### EXERCISE BRIEF
Beginning at the line that contains "various European countries." and finishing at the line that contains "직원얼굴 모자이크필수. 16일", output the data below exactly. Include both end lines and no pictures.

═════ EXCERPTED DATA

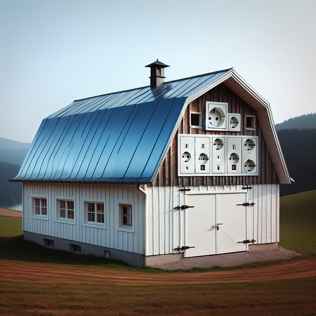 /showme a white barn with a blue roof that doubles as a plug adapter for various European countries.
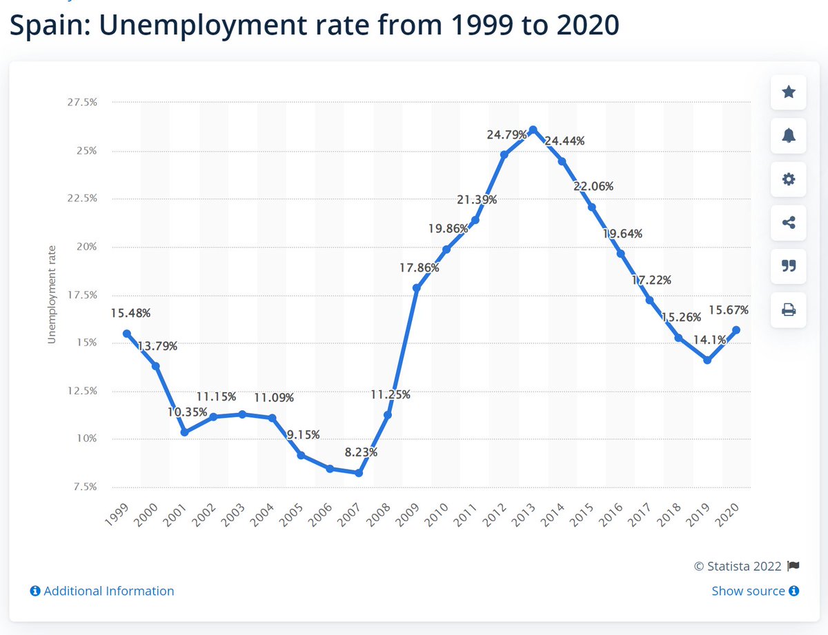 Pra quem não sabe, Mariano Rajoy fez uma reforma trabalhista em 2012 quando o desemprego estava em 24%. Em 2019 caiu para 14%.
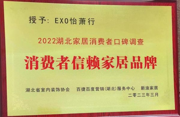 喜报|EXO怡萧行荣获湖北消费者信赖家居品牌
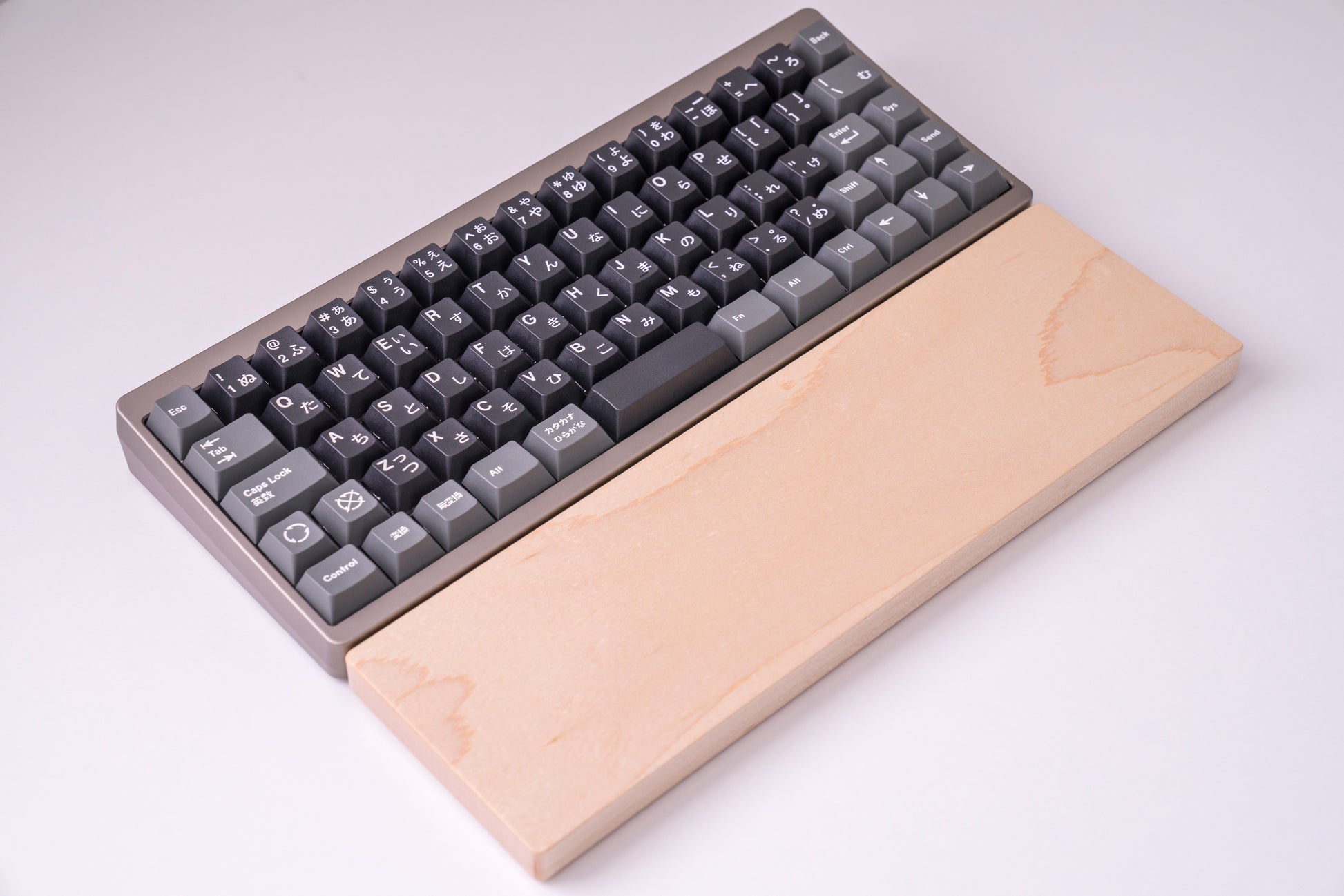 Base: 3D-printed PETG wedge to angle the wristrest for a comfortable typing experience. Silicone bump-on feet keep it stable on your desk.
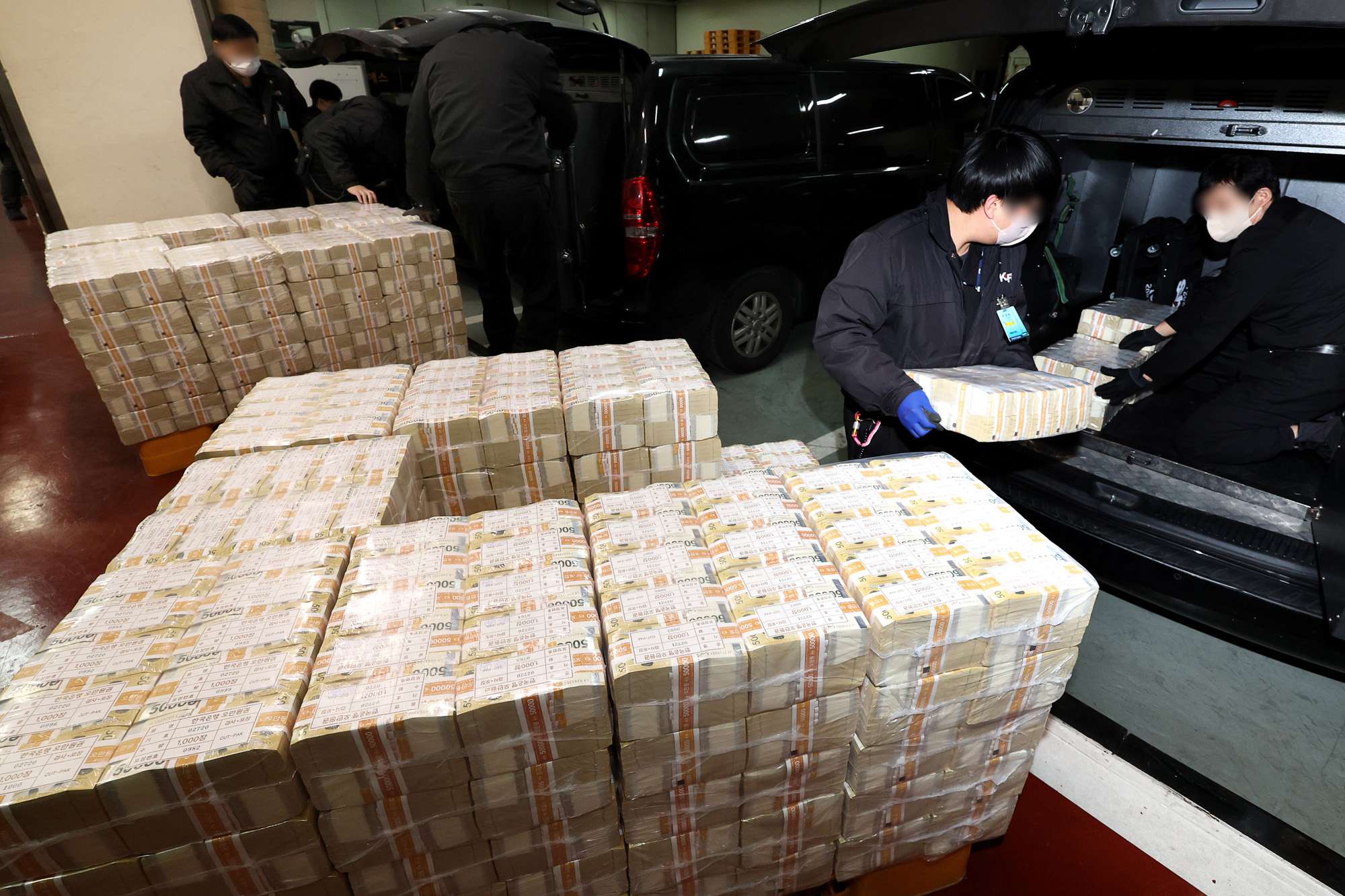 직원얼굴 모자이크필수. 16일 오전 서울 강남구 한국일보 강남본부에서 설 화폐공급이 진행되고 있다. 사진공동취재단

══════════
═════ EXCERPTED DATA

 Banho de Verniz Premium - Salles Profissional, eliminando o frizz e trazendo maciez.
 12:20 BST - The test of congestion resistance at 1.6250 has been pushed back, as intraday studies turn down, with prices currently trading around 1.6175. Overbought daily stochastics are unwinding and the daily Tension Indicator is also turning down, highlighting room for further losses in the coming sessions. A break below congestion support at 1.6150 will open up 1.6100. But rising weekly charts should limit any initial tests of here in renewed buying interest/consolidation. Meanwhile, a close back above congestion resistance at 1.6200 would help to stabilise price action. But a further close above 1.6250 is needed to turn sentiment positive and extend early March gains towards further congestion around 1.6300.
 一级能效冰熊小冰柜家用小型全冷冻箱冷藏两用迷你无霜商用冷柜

══════════

### WORKED SOLUTION
 /showme a white barn with a blue roof that doubles as a plug adapter for various European countries.
 Pra quem não sabe, Mariano Rajoy fez uma reforma trabalhista em 2012 quando o desemprego estava em 24%. Em 2019 caiu para 14%.
 喜报|EXO怡萧行荣获湖北消费者信赖家居品牌
 Base: 3D-printed PETG wedge to angle the wristrest for a comfortable typing experience. Silicone bump-on feet keep it stable on your desk.
 직원얼굴 모자이크필수. 16일 오전 서울 강남구 한국일보 강남본부에서 설 화폐공급이 진행되고 있다. 사진공동취재단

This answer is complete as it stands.